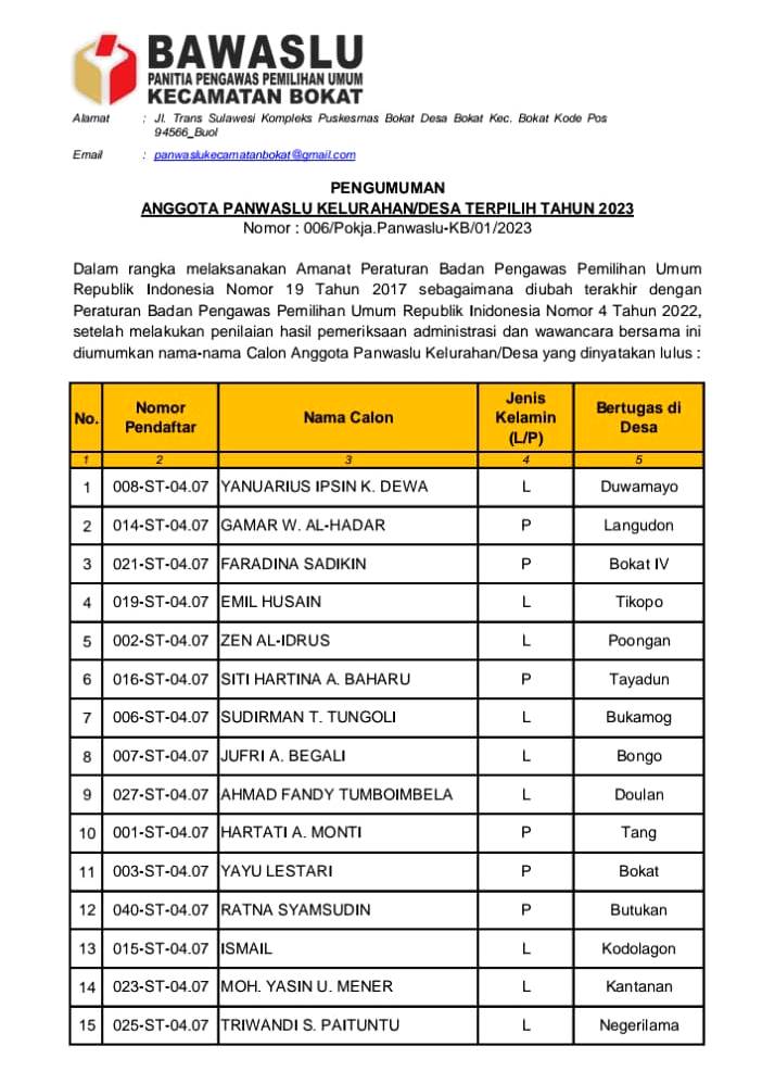 Buol – Panitia Pengawas Pemilihan Umum (Panwaslu) Kecamatan Bokat telah menetapkan 15 Panwaslu Kelurahan/Desa (PKD) yang dinyatakan lulus proses seleksi, Sabtu (4/2) hari ini.
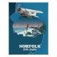 Norfolk East Anglia map in a beautiful style decorated with a light aircraft.
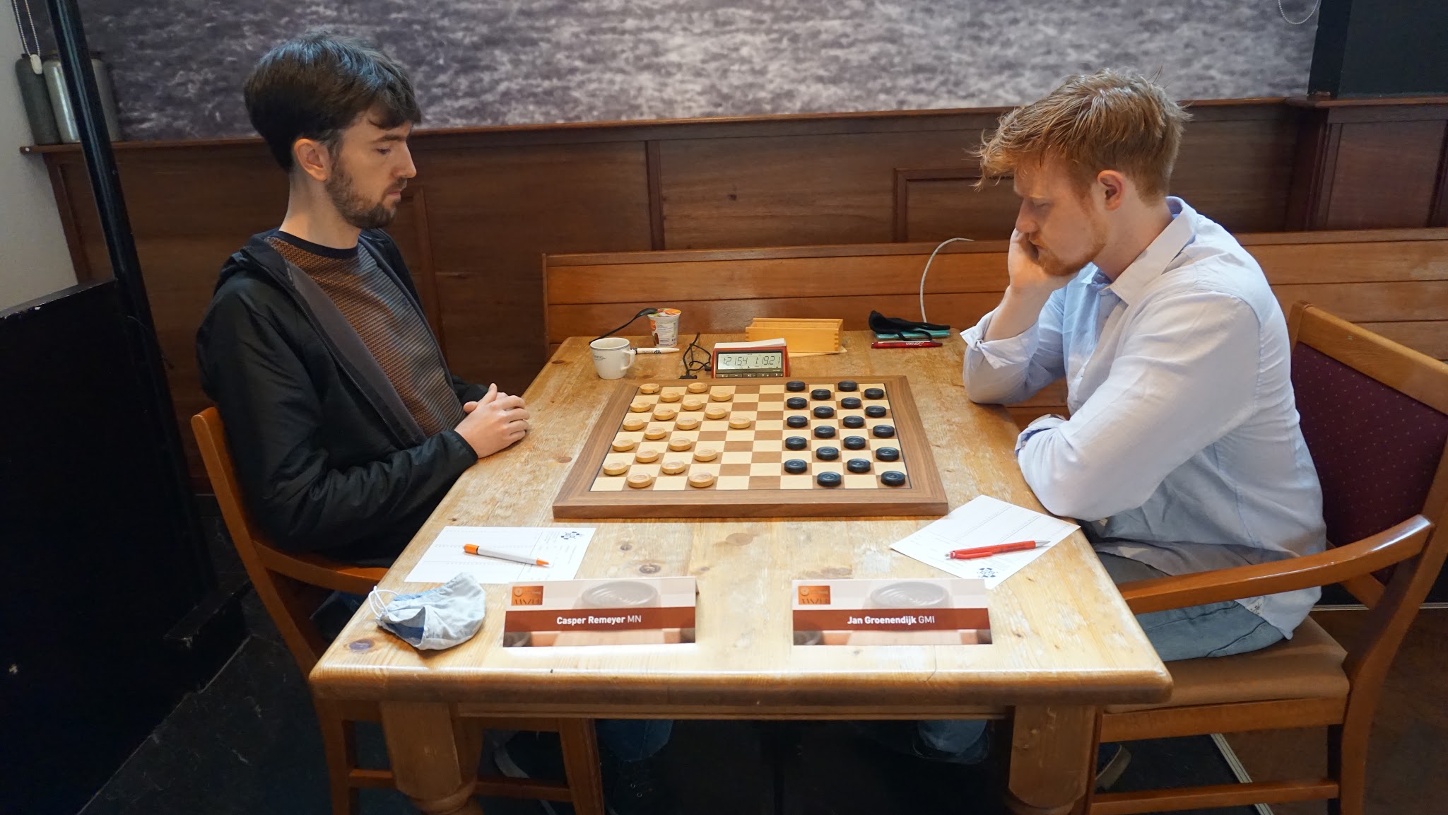 Remeijer-Groenendijk; reeds op de 16de zet verraste de zwartspeler (Groenendijk) zijn opponent, Remeijer reageerde daar vervolgens niet goed op en dat kostte hem een schijf. Wat te doen? Remeijer kon proberen om door te knokken, maar hij kon ook direct opgeven; vanmiddag was er immers nog een ronde (tegen Van Berkel) en dan kon hij daar tenminste fris en fruitig aan beginnen! Remeijer koos voor het eerste en hield het vol tot de 41ste zet; 0-2.
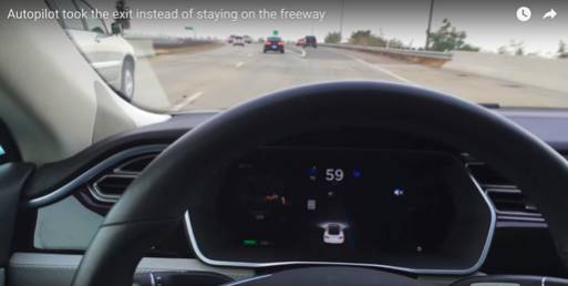 在AutoPilot开启状态时,用户被假设应该随时手扶方向盘,然而现实情况他们往往做不到。就匝道口这个例子来讲,是会有问题的。随手到Youtube上翻一下,就能找到很多用户分享AutoPilot在匝道口偏向辅路行驶的情况。
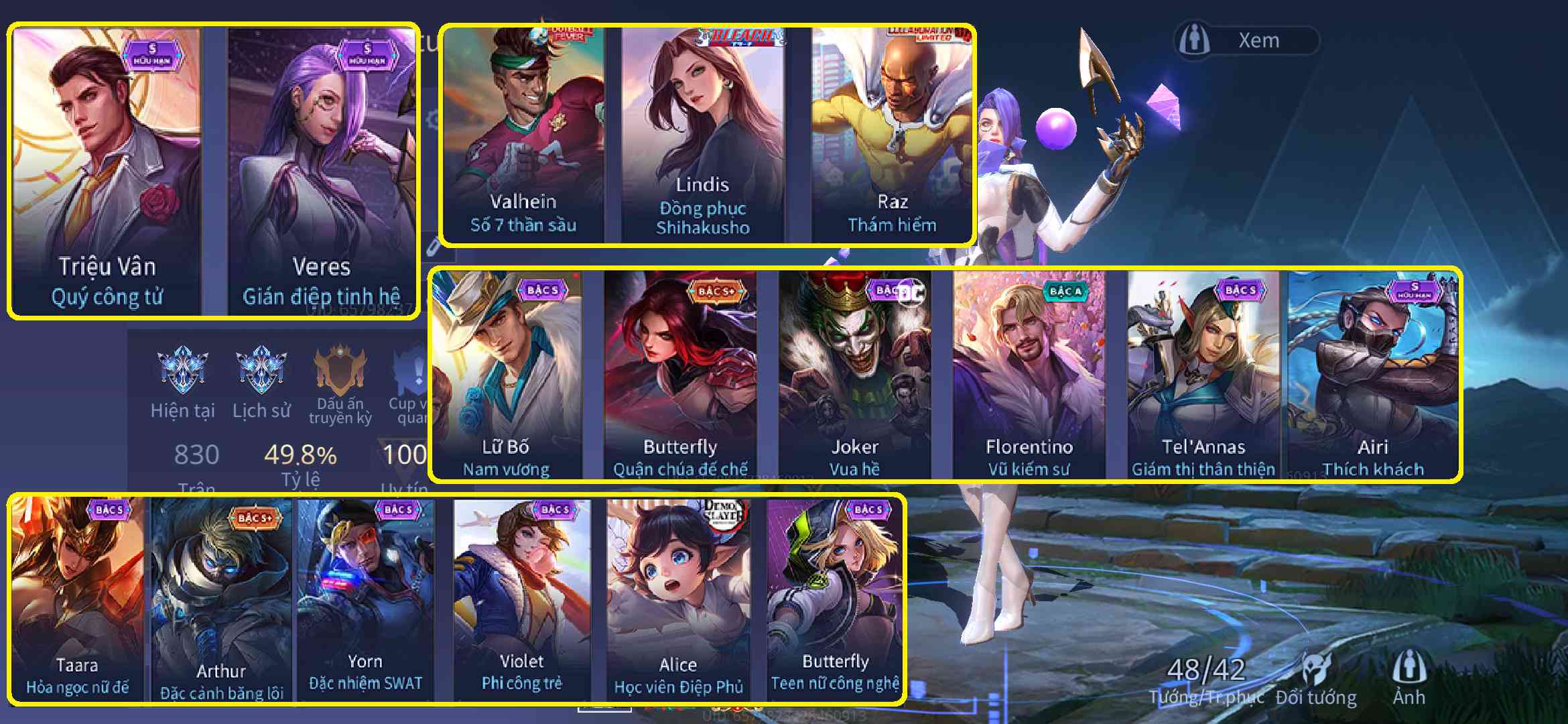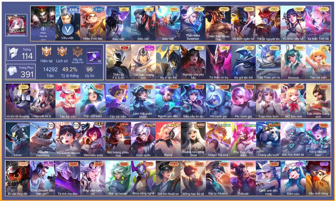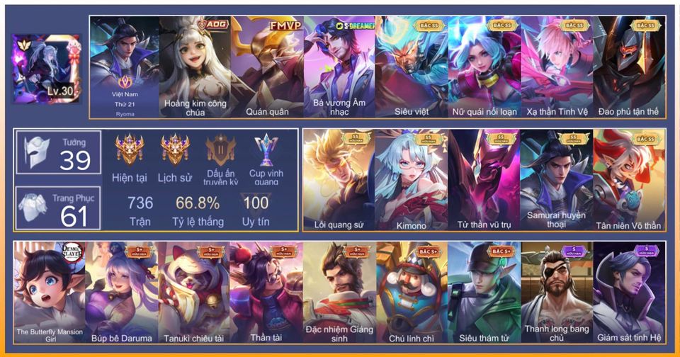 Tài khoản #6748 - Kim Cương III - Tướng 50 - Trang phục 37 - Ngọc 90
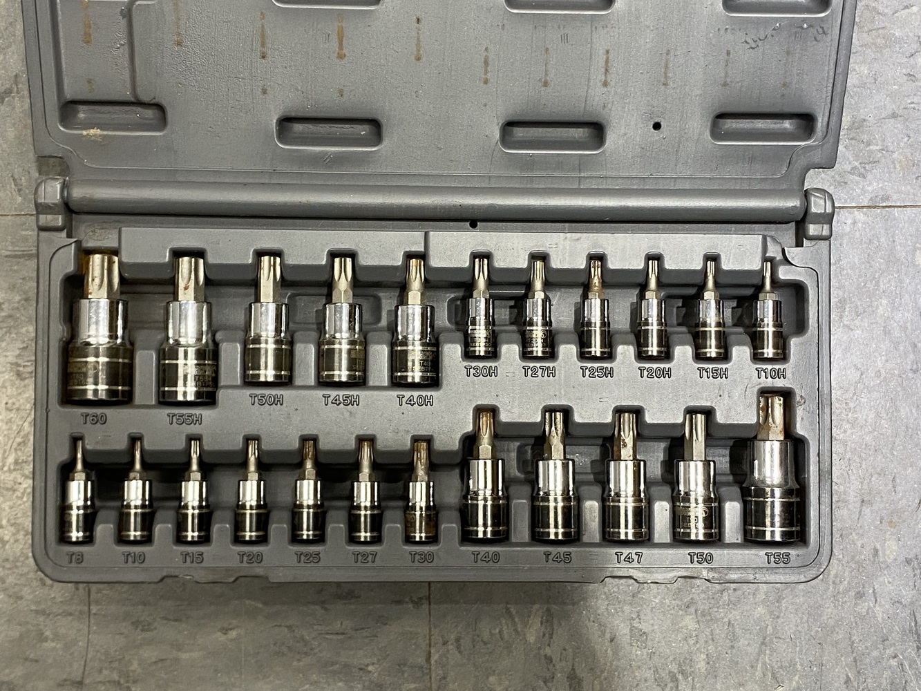 This socket set is preowned. There are some signs of wear and rust on some of the tips. SEE PICTURES.
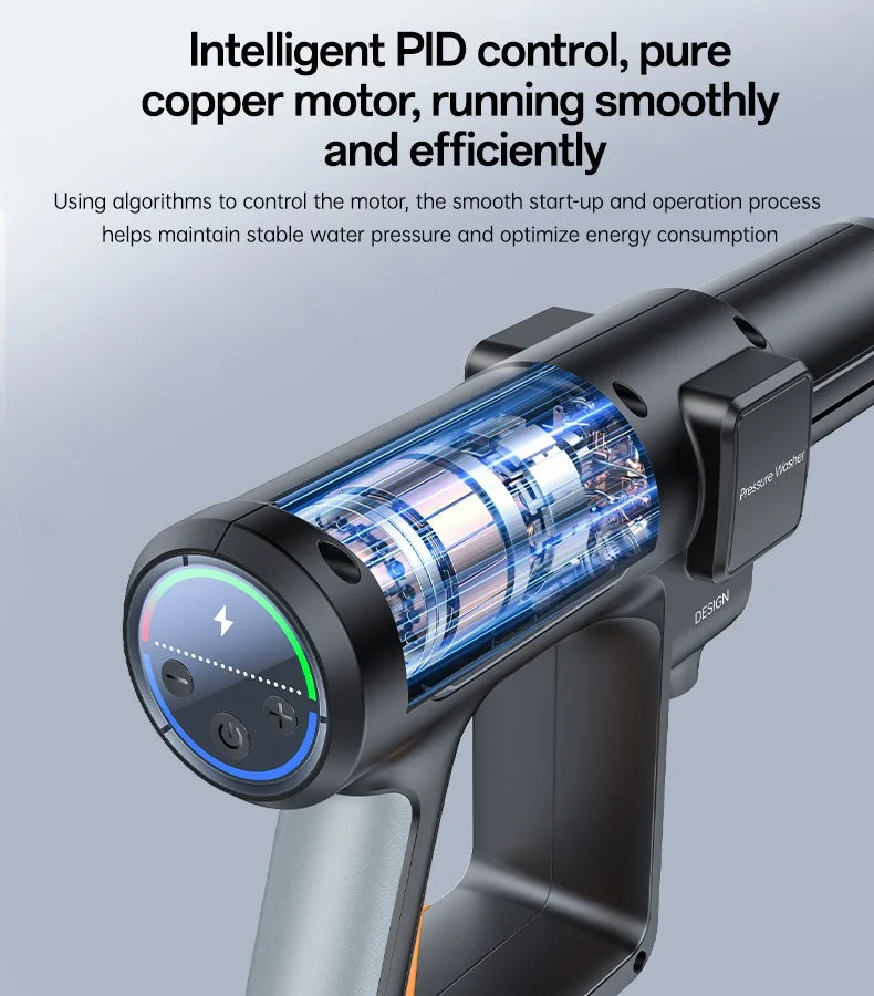- 【LED Display and Dual-Mode Adjustment】Clear LED screen shows battery level and pressure mode, easily adjustable between high and low settings for versatile cleaning.
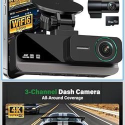 4K+2.5K+2.5K 3 Channel Dash Cam - Front/Rear/Inside - 5.8GHz WiFi 6 Dashcam with IR Night Vision, 64GB Card, 24H Parking Mode, G-Sensor - Car Dash Cam$55Cherry Hill, NJ
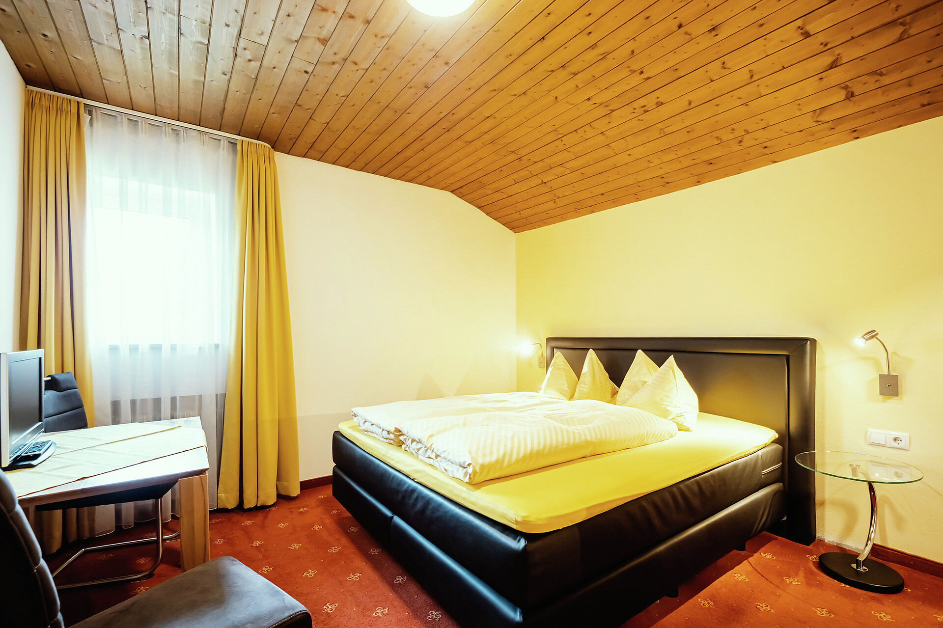 All of our double rooms are equipped with a cozy sitting corner, a flat screen TV, a telephone, bathroom with shower and WC and a hairdryer. From the third floor you can enjoy a gorgeous outlook to our garden, the mountains and the town. One of the rooms is located on the ground floor and therefore grants accessibility.

■ ■ ■ ■

_Your task_
Every line from the one holding "Remeijer-Groenendijk; reeds op" through the final line of the data above is to be reproduced exactly, both ends included, with the pictures left out.

_Answer space_
 Remeijer-Groenendijk; reeds op de 16de zet verraste de zwartspeler (Groenendijk) zijn opponent, Remeijer reageerde daar vervolgens niet goed op en dat kostte hem een schijf. Wat te doen? Remeijer kon proberen om door te knokken, maar hij kon ook direct opgeven; vanmiddag was er immers nog een ronde (tegen Van Berkel) en dan kon hij daar tenminste fris en fruitig aan beginnen! Remeijer koos voor het eerste en hield het vol tot de 41ste zet; 0-2.
 在AutoPilot开启状态时,用户被假设应该随时手扶方向盘,然而现实情况他们往往做不到。就匝道口这个例子来讲,是会有问题的。随手到Youtube上翻一下,就能找到很多用户分享AutoPilot在匝道口偏向辅路行驶的情况。
 Tài khoản #6748 - Kim Cương III - Tướng 50 - Trang phục 37 - Ngọc 90
 This socket set is preowned. There are some signs of wear and rust on some of the tips. SEE PICTURES.
- 【LED Display and Dual-Mode Adjustment】Clear LED screen shows battery level and pressure mode, easily adjustable between high and low settings for versatile cleaning.
 4K+2.5K+2.5K 3 Channel Dash Cam - Front/Rear/Inside - 5.8GHz WiFi 6 Dashcam with IR Night Vision, 64GB Card, 24H Parking Mode, G-Sensor - Car Dash Cam$55Cherry Hill, NJ
 All of our double rooms are equipped with a cozy sitting corner, a flat screen TV, a telephone, bathroom with shower and WC and a hairdryer. From the third floor you can enjoy a gorgeous outlook to our garden, the mountains and the town. One of the rooms is located on the ground floor and therefore grants accessibility.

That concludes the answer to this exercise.